In the Defense Department’s own words, the “Army representatives examined the device and wiring and confirm that a commercial RFID interrogator was used to ‘wake up’ a commercial RFID tag. When the RFID tag responded on the 433 MHz frequency, the relay closed and the blasting cap set off the explosive charge.”
The result of the test was filmed and is available for review. The video was also sent to the House Homeland Security Committee, among others. It showed empirically the vulnerability of RFID transmissions as approved and mandated for use with containers.

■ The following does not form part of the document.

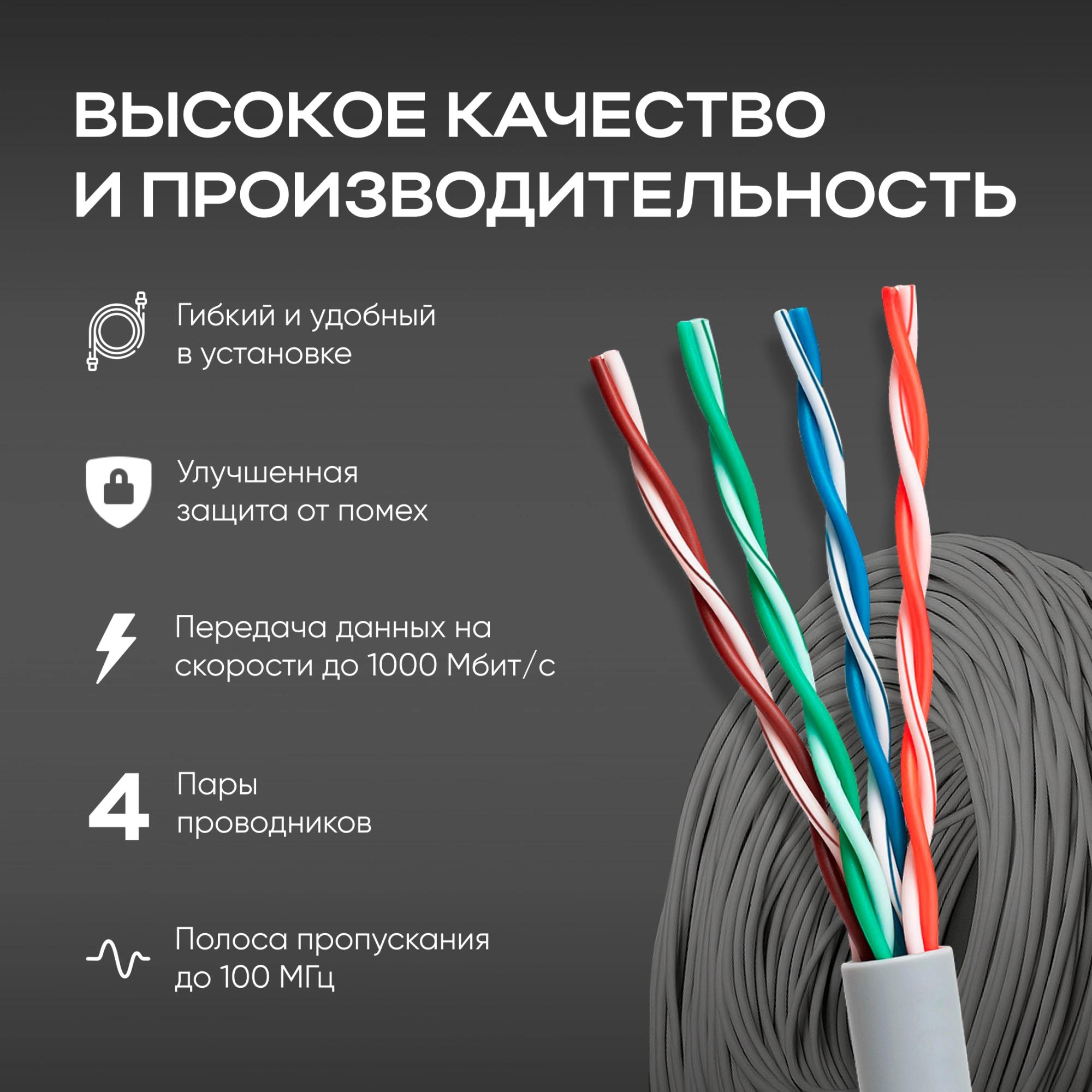 Кабель сетевой HQ UTP 4 пары cat.5E solid 0.42мм Cu 305м серый
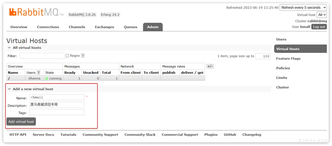 此時,點擊頁面右上角的virtual host下拉菜單,切換virtual host/hmall

Two months after the demonstration, DHS made an official statement.
“DHS recognizes and benefits from the use of RFID technology to ensure the smooth and secure movement of both people and cargo into the United States. It is accurate that RFID systems are in use at U.S. ports of entry (air, sea and land) and have been adopted by a number of private-sector companies for supply chain management, asset and shipment tracking and inventory purposes. While RFID systems used in maritime ports rely upon a variety of transmission frequencies for port and terminals operations, there is currently no one common RFID frequency in use throughout the global supply chain.
“While it is technically feasible that the detection of RFID emissions could be used to trigger an explosive device within a container, DHS does not agree with the report’s assessment that ports that employ RFID technology become more vulnerable to terrorist attack.”
DHS, therefore, admits in writing that using this frequency to trigger an explosive device is technically feasible, but the public shouldn’t worry about it. In other words: “We know this can happen, but let’s wait until it does.” Unfortunately, this vacuous logic is indicative of DHS in its container security efforts.
It is difficult to distinguish which is worse, the acknowledgement by DHS that RFID container security applications are a vulnerability, or the continued employment of the technology by the Defense Department for its containers after experiencing the results of the bomb blast demonstration.
One must question why the Defense Department recently placed a $429.4 million order for RFID devices called DASH7.
To what extent does this lack of understanding of — or refusal to admit to — the existence of the vulnerability permeate the higher echelons of the Pentagon and the military logistics commands? Or is this just one more example of politics influencing contract decisions in the military industrial establishment? Could it be the political correctness of not questioning authority or policy? Will it take death or a catastrophe to effect change? These questions are as real as the vulnerability.
There are alternatives to radio frequency identification technology mandated for container security, and they can provide more features than what RFID offers. Any routine reading of logistics industry publications would be enough for the Defense Department to understand that choices already exist in the market. It’s time for the Defense Department to learn more and play politics less.
James R. Giermanski is the chairman of Powers Global Holdings Inc. and president of Powers International LLC, an international transportation security company. He served as regents professor and director of transportation and logistics studies at the Center for the Study of Western Hemispheric Trade at Texas A&M International University.